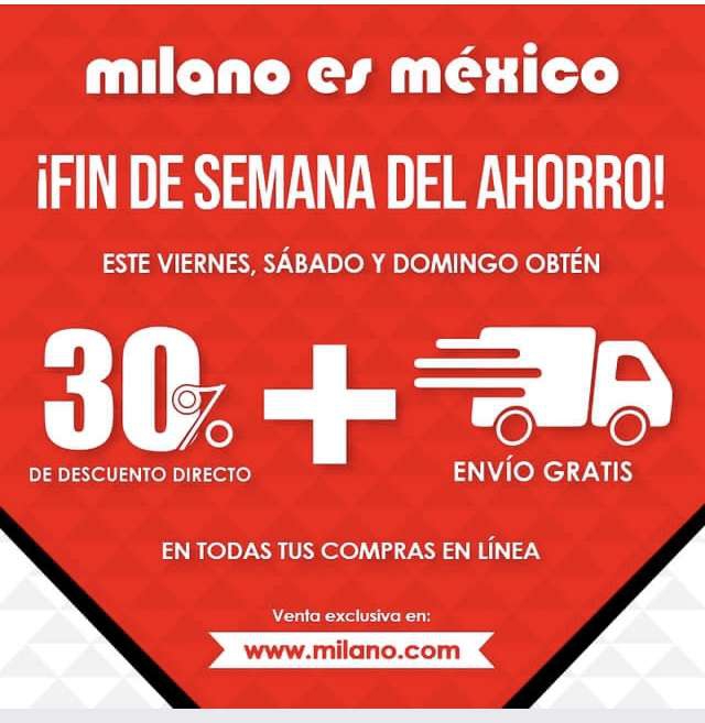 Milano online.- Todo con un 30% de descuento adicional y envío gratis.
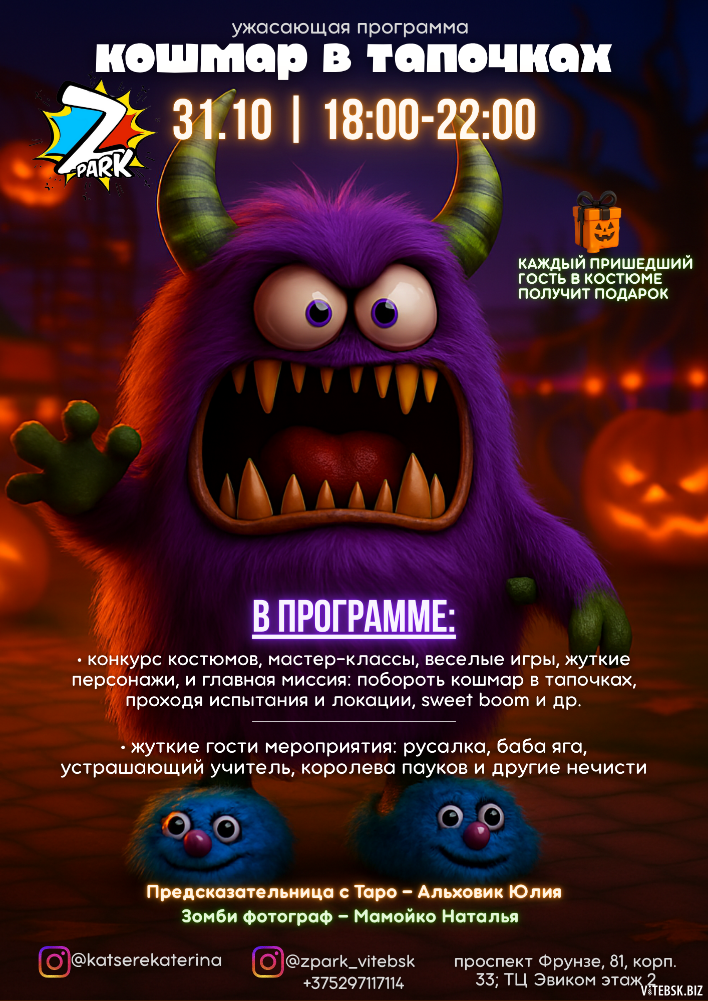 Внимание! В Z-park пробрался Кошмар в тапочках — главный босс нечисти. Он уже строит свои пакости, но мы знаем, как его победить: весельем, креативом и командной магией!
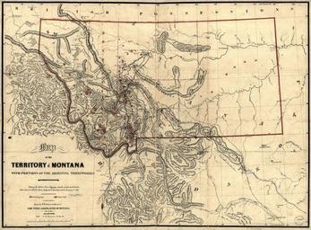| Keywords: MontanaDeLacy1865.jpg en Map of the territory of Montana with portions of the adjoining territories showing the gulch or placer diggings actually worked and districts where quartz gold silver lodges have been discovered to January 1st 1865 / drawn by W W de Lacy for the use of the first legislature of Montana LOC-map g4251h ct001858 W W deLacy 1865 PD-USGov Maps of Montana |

▶ [What needs to be done] In the copy you return, include exactly the lines from the one containing "Внимание! В Z-park" through the final line of the listing, and no pictures.

▶ [Output of the task]
 Внимание! В Z-park пробрался Кошмар в тапочках — главный босс нечисти. Он уже строит свои пакости, но мы знаем, как его победить: весельем, креативом и командной магией!
| Keywords: MontanaDeLacy1865.jpg en Map of the territory of Montana with portions of the adjoining territories showing the gulch or placer diggings actually worked and districts where quartz gold silver lodges have been discovered to January 1st 1865 / drawn by W W de Lacy for the use of the first legislature of Montana LOC-map g4251h ct001858 W W deLacy 1865 PD-USGov Maps of Montana |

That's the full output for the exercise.